- **What you will do**
Emit the data below verbatim, stripping out any pictures.
--- START ---
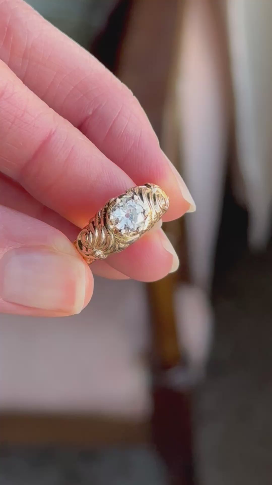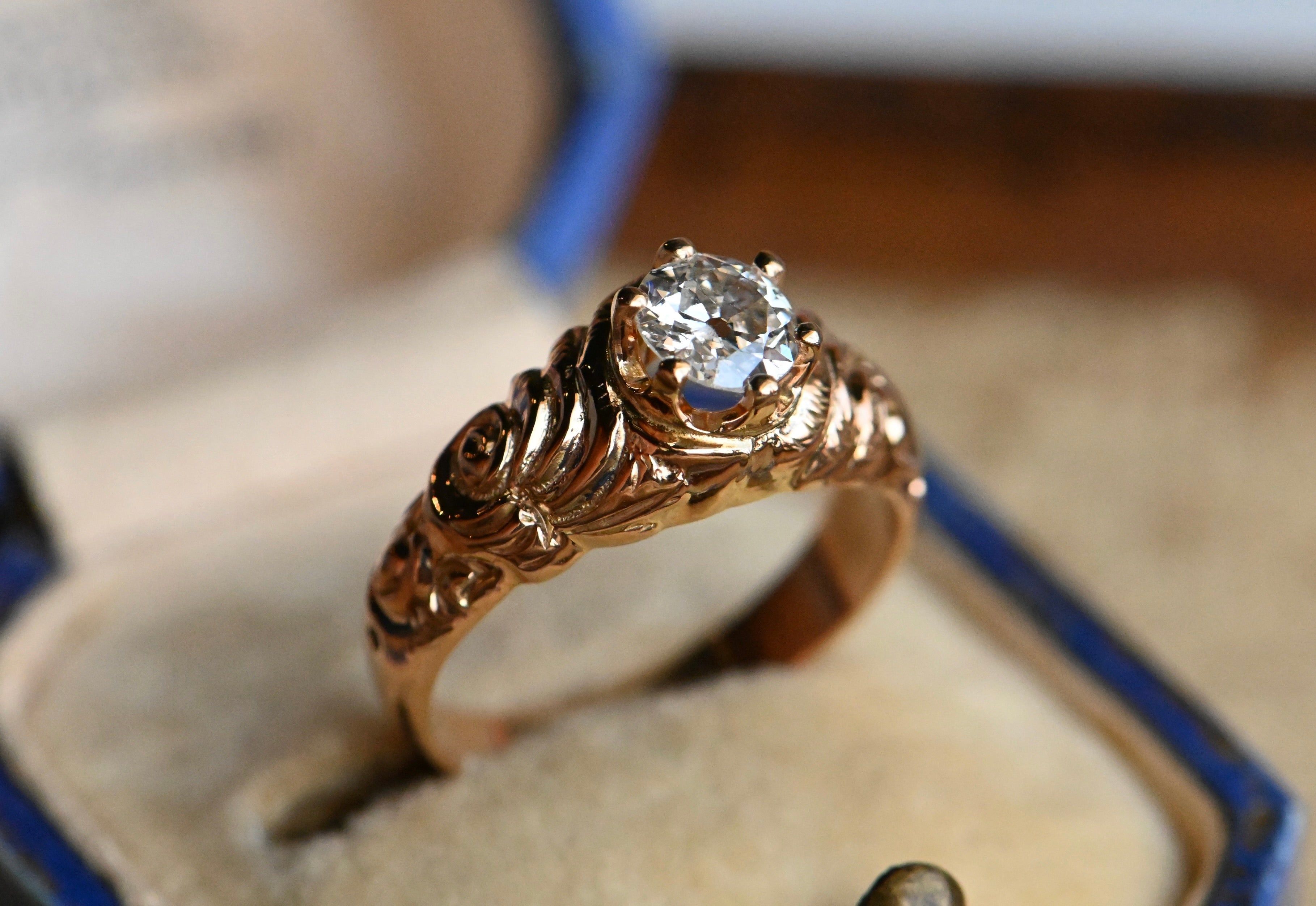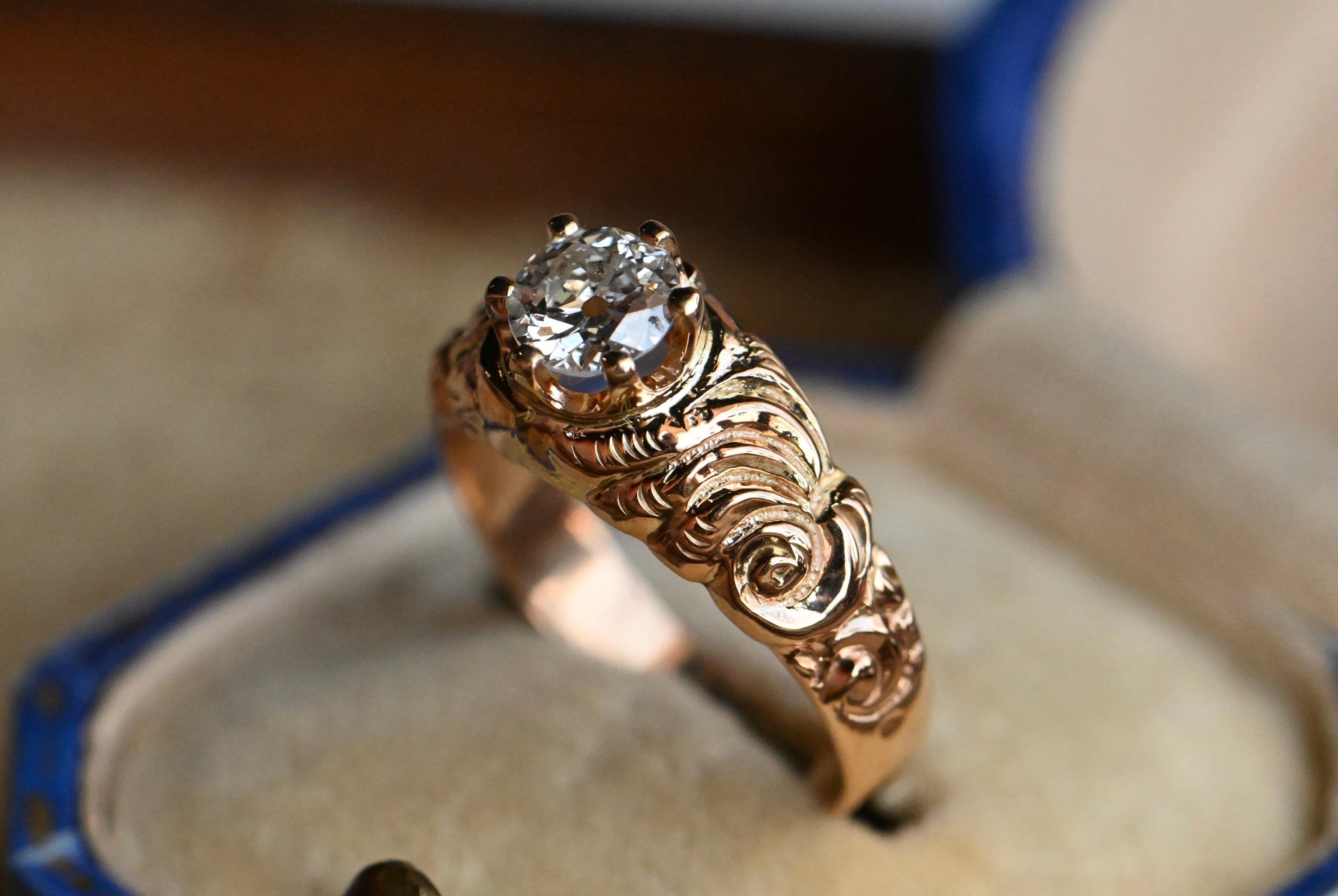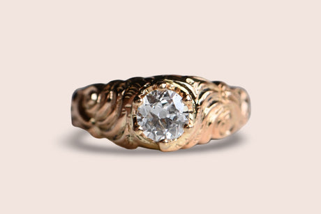 A striking old cut diamond ring with a mounting from the Victorian Era and a 1930s-Era diamond head. The marriage of the 19th century rose-gold shank and the low-slung, six prong crown head is oh-so-good! The diamond here is a .57 carat Old European Cut with a large culet, rugged facets and twinkling fire. It is far from perfect, with natural inclusions salt-and-peppering the body of the stone, but these don't detract from the lively sparkle and vibrancy of the diamond. The shoulders of the mounting are carved with a dense and lush floral motif, with roses rising up out of the gold.
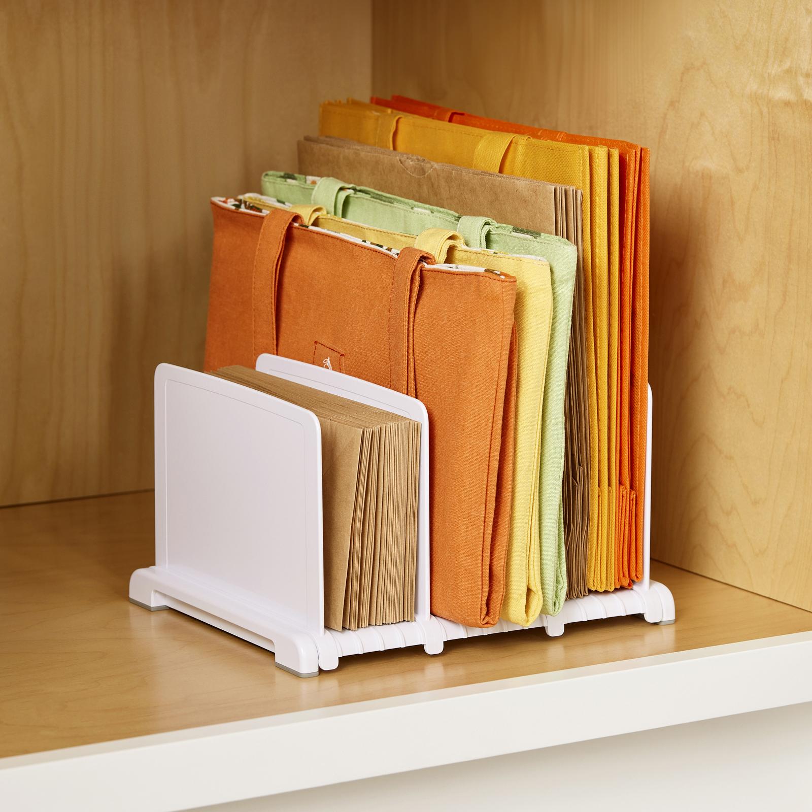 StoraBag Bag Organizer lets you relax before and after your shopping trip. Adjustable dividers keep bags upright for an easy checkout. Folded grocery and lunch bags sit side-by-side so you can store more in one spot. When reusable bags are organized, you’ll be ready for a quick grab at go time.
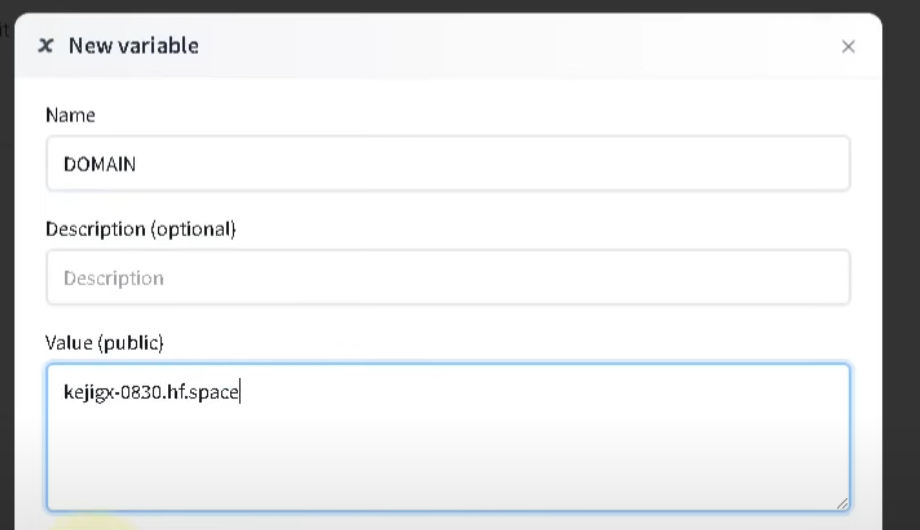 UUID填写自己的ID,然后继续添加变量,复制:DOMAIN,填写自己的域名,然后保存,等到running。
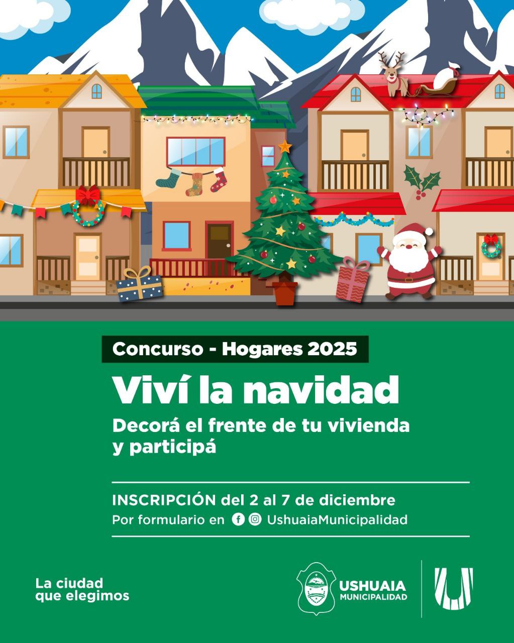Los interesados en participar podrán inscribirse del 2 al 7 de diciembre en el link https://inscripciones.website/concurso-vivi-la-navidad-2025/ disponible en las redes oficiales de la Municipalidad de Ushuaia, @culturayeducacionush y @politicas.sociales.ush.
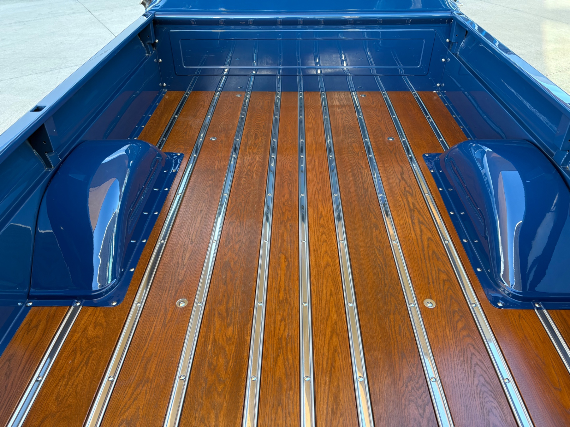 With its stunning dark blue metallic paint, this C10 is a head-turner. The paint process involved stripping the truck to bare metal, applying quality anti-corrosion primer, and achieving a wet sanded and buffed finish that glistens under the sun. The oak wood bed, finished with a rich Teak stain and protected by eight coats of Spar marine varnish, speaks to the craftsmanship that has gone into the restoration. Polished stainless bed strips add a perfect touch of shine, enhancing the truck's robust character.
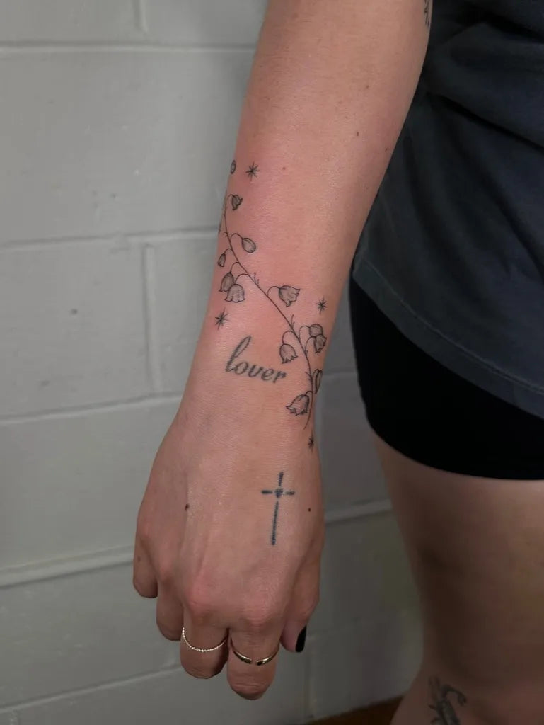 Small Fine Line Lily of the Valley and Cross on Women Wrist Tattoo by @baby.kait
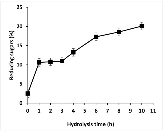 To assess the radical depolymerization reaction of the native alginate ASBB, reducing sugars in the fractions obtained after 1, 3, 6, and 10 h of hydrolysis were quantified by colorimetric assay using glucose as standard. The results obtained for the fractions are summarized in Figure 3. After 10 h of hydrolysis, the reducing sugars increased from 2.5% (w/w) in native ASBB to 20.10% (w/w) detected in the last fraction of OGABs.
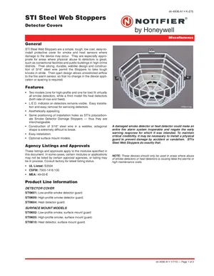 Datasheet for the Notifier STI Steel Web Stoppers, published in 2010. Document No: dn-4936, Rev: A1. 6 models including STI9601, STI9609, STI9604 and 3 additional variants. Engineering specifications, wiring diagrams, and mounting dimensions.
--- END ---
- **Reply**
 A striking old cut diamond ring with a mounting from the Victorian Era and a 1930s-Era diamond head. The marriage of the 19th century rose-gold shank and the low-slung, six prong crown head is oh-so-good! The diamond here is a .57 carat Old European Cut with a large culet, rugged facets and twinkling fire. It is far from perfect, with natural inclusions salt-and-peppering the body of the stone, but these don't detract from the lively sparkle and vibrancy of the diamond. The shoulders of the mounting are carved with a dense and lush floral motif, with roses rising up out of the gold.
 StoraBag Bag Organizer lets you relax before and after your shopping trip. Adjustable dividers keep bags upright for an easy checkout. Folded grocery and lunch bags sit side-by-side so you can store more in one spot. When reusable bags are organized, you’ll be ready for a quick grab at go time.
 UUID填写自己的ID,然后继续添加变量,复制:DOMAIN,填写自己的域名,然后保存,等到running。
Los interesados en participar podrán inscribirse del 2 al 7 de diciembre en el link https://inscripciones.website/concurso-vivi-la-navidad-2025/ disponible en las redes oficiales de la Municipalidad de Ushuaia, @culturayeducacionush y @politicas.sociales.ush.
 With its stunning dark blue metallic paint, this C10 is a head-turner. The paint process involved stripping the truck to bare metal, applying quality anti-corrosion primer, and achieving a wet sanded and buffed finish that glistens under the sun. The oak wood bed, finished with a rich Teak stain and protected by eight coats of Spar marine varnish, speaks to the craftsmanship that has gone into the restoration. Polished stainless bed strips add a perfect touch of shine, enhancing the truck's robust character.
 Small Fine Line Lily of the Valley and Cross on Women Wrist Tattoo by @baby.kait
 To assess the radical depolymerization reaction of the native alginate ASBB, reducing sugars in the fractions obtained after 1, 3, 6, and 10 h of hydrolysis were quantified by colorimetric assay using glucose as standard. The results obtained for the fractions are summarized in Figure 3. After 10 h of hydrolysis, the reducing sugars increased from 2.5% (w/w) in native ASBB to 20.10% (w/w) detected in the last fraction of OGABs.
 Datasheet for the Notifier STI Steel Web Stoppers, published in 2010. Document No: dn-4936, Rev: A1. 6 models including STI9601, STI9609, STI9604 and 3 additional variants. Engineering specifications, wiring diagrams, and mounting dimensions.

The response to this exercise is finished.